Ibn Tufayl took his title from a work by Ibn Sina, which is totally different. A translation of Ibn Tufayl’s story, which was published in English in 1708, may have inspired Daniel Defoe’s book Life and Strange Adventures of Robinson Crusoe.[1]

Stories - The Story Corner: The Mystery of Hayy Ibn Yaqzan
Friday (left) and Robinson Crusoe, lithograph by Currier & Ives, c. 1874.
© Everett Historical/Shutterstock.com (Source)

Hayy ibn Yaqzan means “Alive, son of Awake,” so this is “The Story of Alive, son of Awake,” which describes Hayy’s character passing from sleepy childhood to knowledge by means of which he can fully contemplate the world and his surroundings.

Stories - The Story Corner: The Mystery of Hayy Ibn Yaqzan
An illustration by Karima Solberg from Ibn Tufayl’s Story of Hayy ibn Yaqzan shows him with his adoptive “mother,” a doe. Daniel Defoe’s 18th-century Robinson Crusoe is very similar to lbn Tufayl’s 12th century Hayy ibn Yaqzan. 

(Source: 1001 inventions: The Enduring Legacy of Muslim Civilization, 3rd eition, page 103)

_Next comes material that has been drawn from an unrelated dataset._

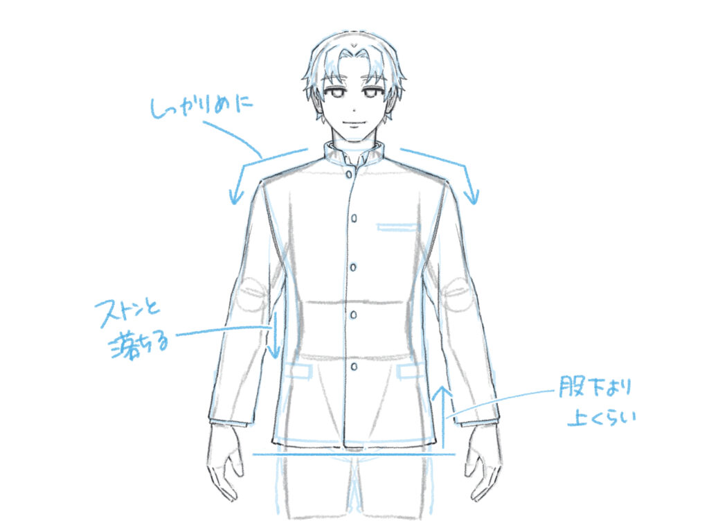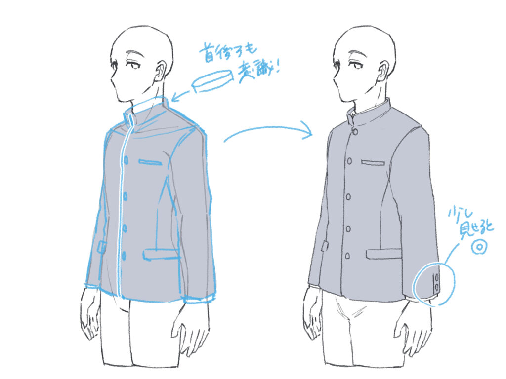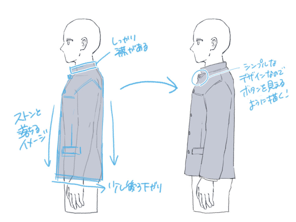 横から描く際は、襟の立体感をしっかり意識し、裾は少し後ろ下がりに描きます。生地の厚みにもよりますが、基本的にはストンと落ちるシルエットを意識しましょう。ボタンが少し見えるように描くと、学生らしさが出ます。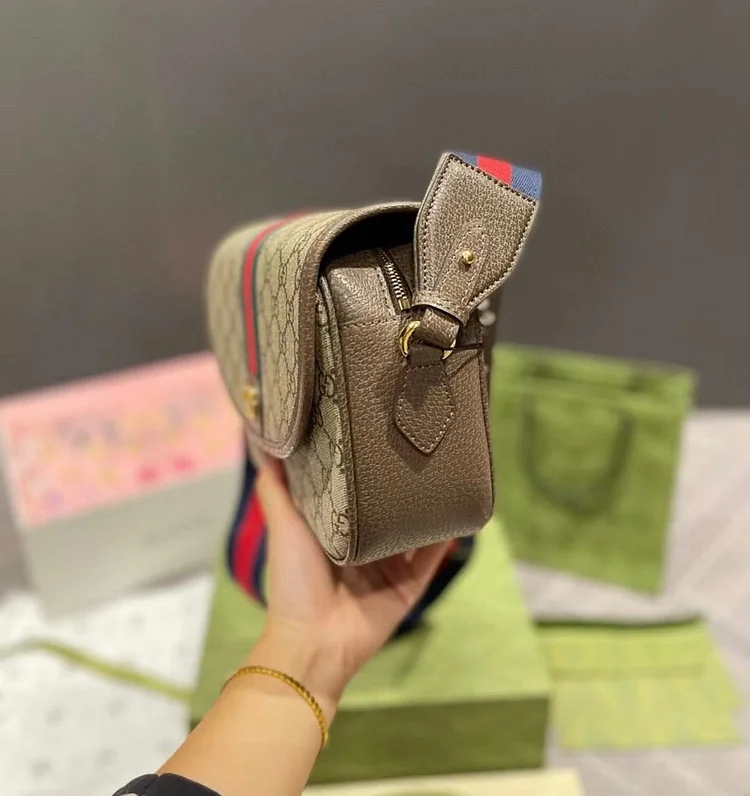 The Ophidia is reinvented in new and unexpected ways. Reminiscent of the punk scene. metal eyelets and studs define the historical silhouette to create a one-of-a-kind take on the archival style. Creating a playful contrast. the mini-sized shoulder bag is crafted from the House’s signature GG Supreme canvas in the traditional color combination of beige and ebony.

It begins with Hayy as a child, a princess’s son whose birth was a secret. He is cast upon the shore of an equatorial island where he is suckled by a doe and spends the first 50 years of his life without contact with any other human beings. His isolation is in seven stages of seven years. During each seven-year stage he is his own teacher and learns about himself and his surroundings.

Stories - The Story Corner: The Mystery of Hayy Ibn Yaqzan
The first two pages of a manuscript containing the text of Ibn Tufayl’s Hayy ibn Yaqzan, Ms. Istanbul, Ayasofya 04807-001 – Süleymaniye Manuscript Library Directorate, Istanbul (Source)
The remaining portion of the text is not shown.